After a standout first season in Chicago that saw “The Worm” pull down a league-leading 14.9 rebounds per game, help lift the Bulls to their fourth title, and break things off with Madonna, MTV came knocking. In the winter of 1996, The Rodman World Tour premiered on the network. The loosely structured talk show, which ran for one 13-episode season, trailed the NBA star through various cities on one seemingly random, hedonistic, and hedonistically random journey after another. Segments included: cruising down the Las Vegas Strip with Jenny McCarthy, playing tennis with Jon Lovitz at The Malibu Racquet Club, and kissing Kelsey Grammer on the lips, among other things.

As far as ‘90s sports figures go, these strange forays into pop culture were…unique. So was the merch that accompanied them. This Champion t-shirt was one of a number of items sold around the show. A trove of official and unofficial Rodman gear from the period exists online, and new important paraphernalia continues to be discovered every day. Rodman, of course, wasn’t alone in his pursuit of off-the court media exposure. That same year, his more-famous teammate starred in a major production of his own.

The Bootleg Bulls

Etsy – PreserveVintage

There is perhaps no greater indication of a cultural phenomenon’s relevance than the range and depth of counterfeit material that blooms around it: remember the fake Yeezy storefront that reportedly opened in Wenzhou, China? The Jordan-era Bulls slightly predate the manic streetwear age, but they inspired a similarly fervent knockoff culture. But according to Will Wagner, the aim of most 90s bootleggers differed slightly from today’s fakesters.

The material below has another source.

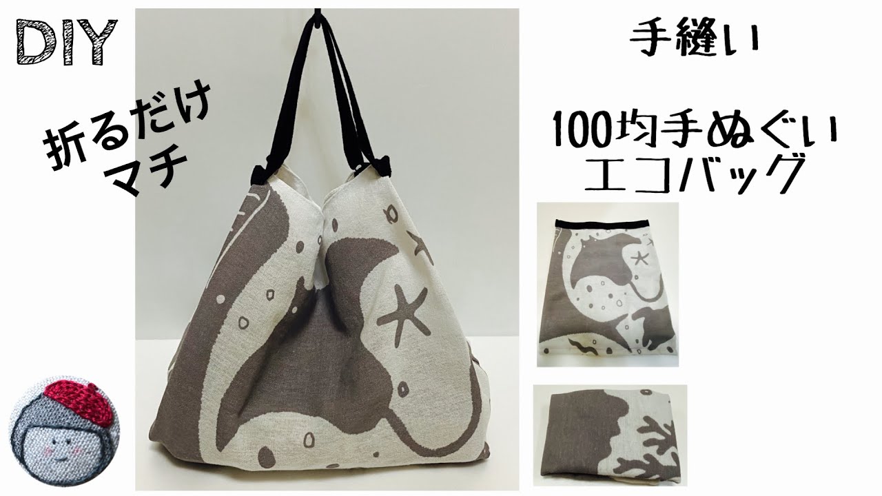 手縫いで作る100均手ぬぐいエコバッグ マチは折るだけ!初心者向け。

“What’s cool about bootleg T-shirts from the ‘90s is that [each one] was someone’s own, individual creation,” he explained to me. “Today, [bootleggers] try to make them so close to the official stuff that you can’t even tell. In the ‘80s and ‘90s, it was just about taking an iconic image and putting it on a T-shirt with some other cool, iconic images.”

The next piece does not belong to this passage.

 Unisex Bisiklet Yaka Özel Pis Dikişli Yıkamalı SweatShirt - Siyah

This was the governing logic of “Bootleg Bart”—an ’80s wave that saw bootleg T-shirt makers recast the snarky Simpsons character in the role of a range of pop-cultural archetypes, including: an anti-apartheid advocate, a soldier in the Gulf War, and a certain star shooting guard for the Chicago Bulls. Being turned into a Bart Simpson t-shirt was a de facto certificate of notoriety. Judging by the Screen Stars Best tag here (a Fruit of the Loom-owned brand that produced cheap blank T-shirts popular among independent screen printers at the time), this “Air Bart” shirt dates back to the late ‘80s or early ‘90s, right at the beginning of the Bulls’s ascendency.